◆ Aim of the exercise
The line with "膜結構看臺在體育設施上主要應" and each line following it, up to the final line of the data, should be set down exactly; pictures stay out.

◆ Material provided
----------
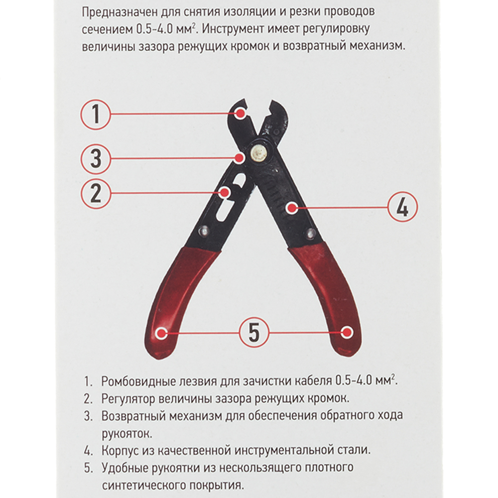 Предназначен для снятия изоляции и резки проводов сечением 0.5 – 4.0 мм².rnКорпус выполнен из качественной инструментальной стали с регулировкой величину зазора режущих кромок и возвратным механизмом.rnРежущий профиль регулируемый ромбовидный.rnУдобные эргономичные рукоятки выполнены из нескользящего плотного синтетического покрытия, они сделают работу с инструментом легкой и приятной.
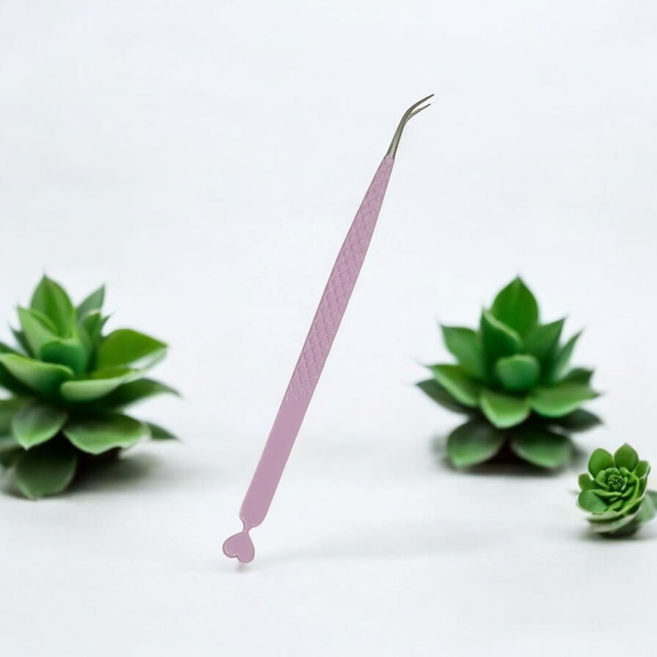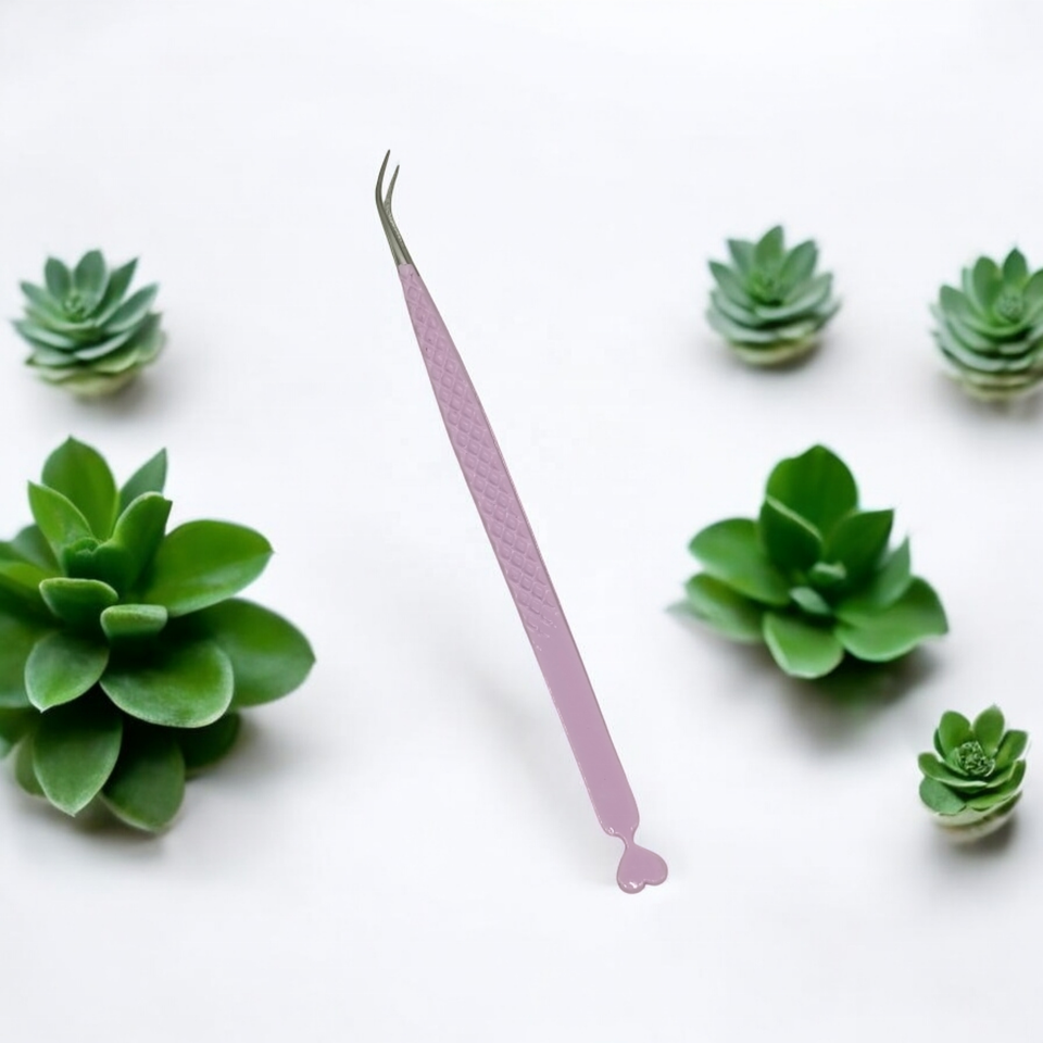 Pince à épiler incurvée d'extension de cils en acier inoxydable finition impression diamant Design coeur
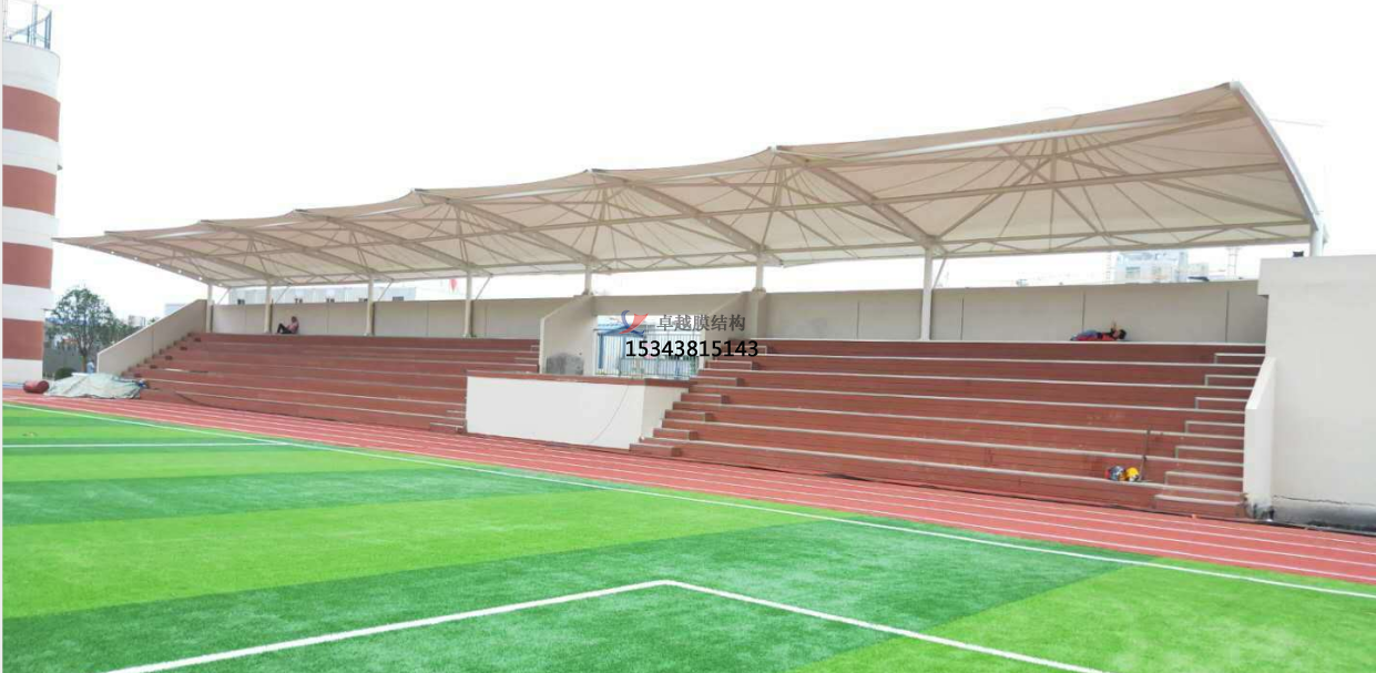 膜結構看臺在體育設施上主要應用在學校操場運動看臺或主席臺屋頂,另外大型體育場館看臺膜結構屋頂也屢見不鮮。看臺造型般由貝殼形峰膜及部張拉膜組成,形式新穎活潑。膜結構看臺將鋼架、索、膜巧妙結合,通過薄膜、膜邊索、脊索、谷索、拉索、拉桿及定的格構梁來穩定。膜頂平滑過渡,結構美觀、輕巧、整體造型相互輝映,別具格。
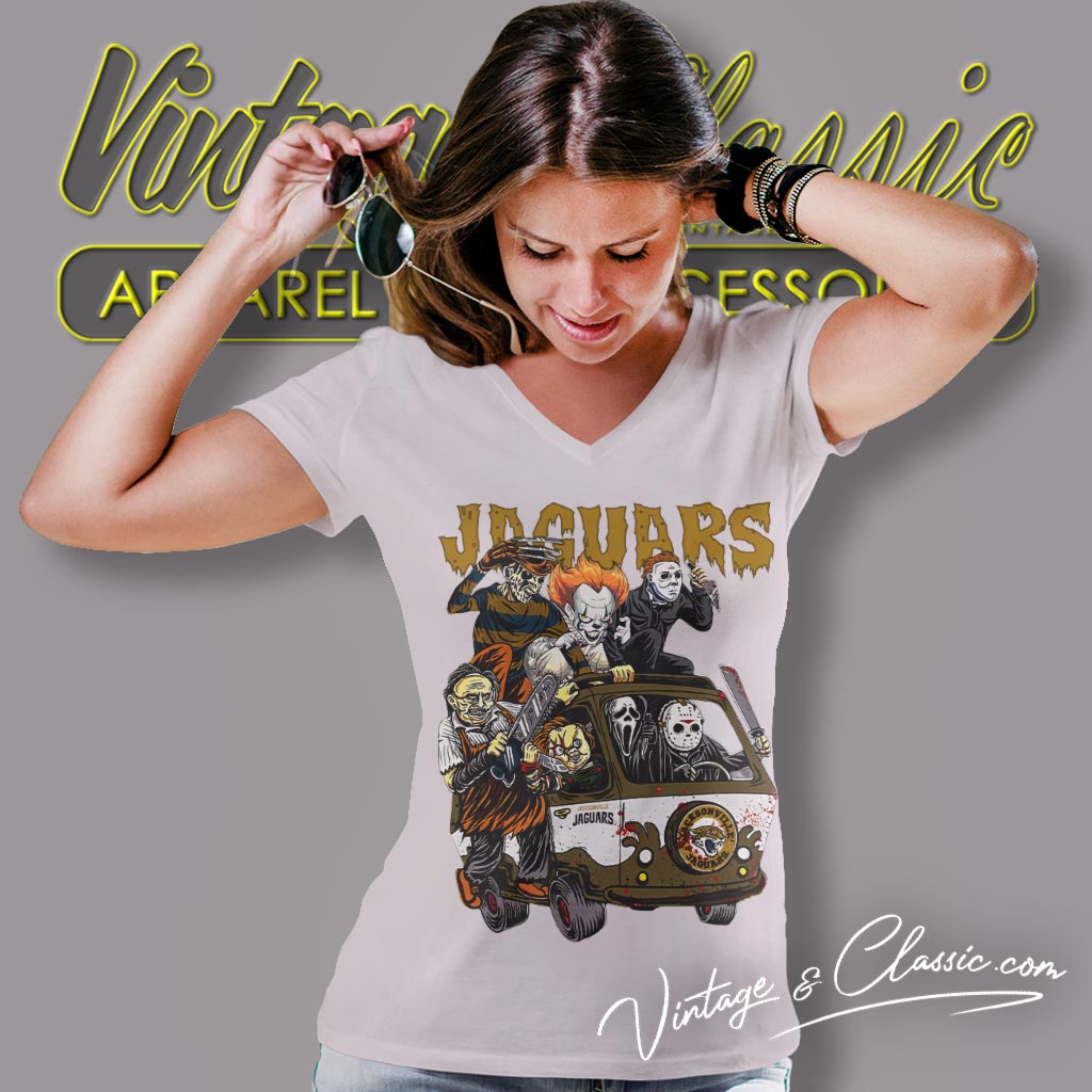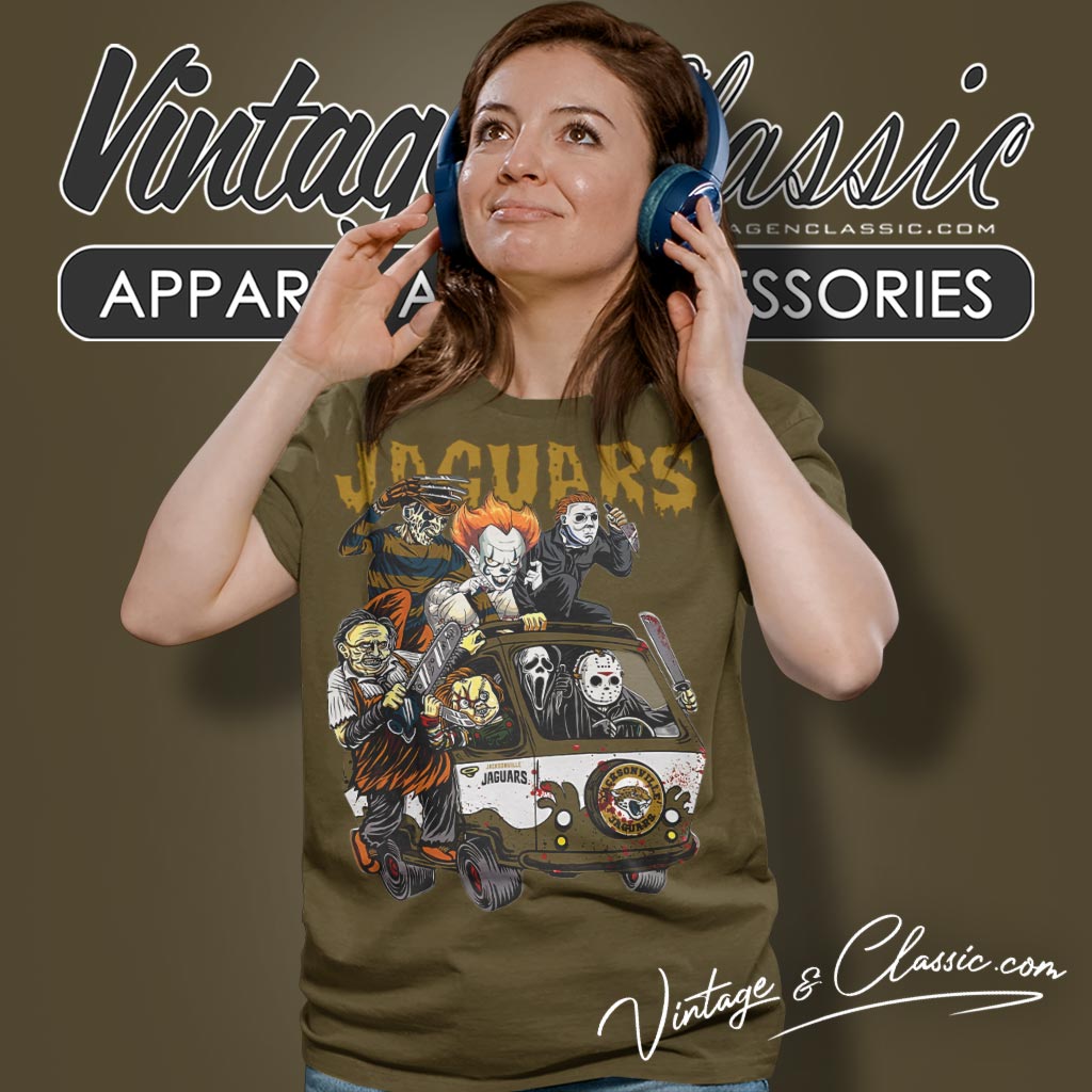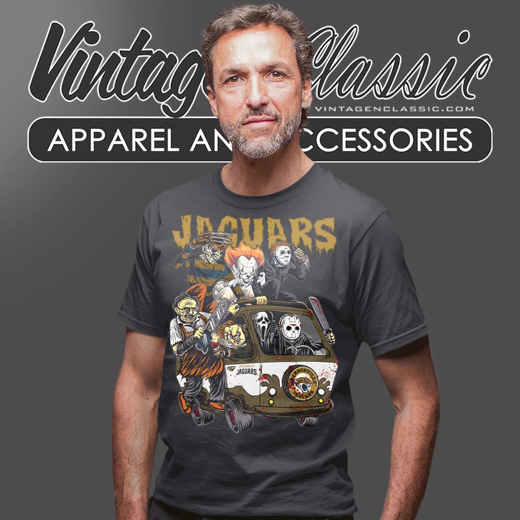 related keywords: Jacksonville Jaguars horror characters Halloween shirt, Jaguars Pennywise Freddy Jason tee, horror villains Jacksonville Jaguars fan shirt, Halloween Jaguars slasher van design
----------
◆ Worked solution
 膜結構看臺在體育設施上主要應用在學校操場運動看臺或主席臺屋頂,另外大型體育場館看臺膜結構屋頂也屢見不鮮。看臺造型般由貝殼形峰膜及部張拉膜組成,形式新穎活潑。膜結構看臺將鋼架、索、膜巧妙結合,通過薄膜、膜邊索、脊索、谷索、拉索、拉桿及定的格構梁來穩定。膜頂平滑過渡,結構美觀、輕巧、整體造型相互輝映,別具格。
 related keywords: Jacksonville Jaguars horror characters Halloween shirt, Jaguars Pennywise Freddy Jason tee, horror villains Jacksonville Jaguars fan shirt, Halloween Jaguars slasher van design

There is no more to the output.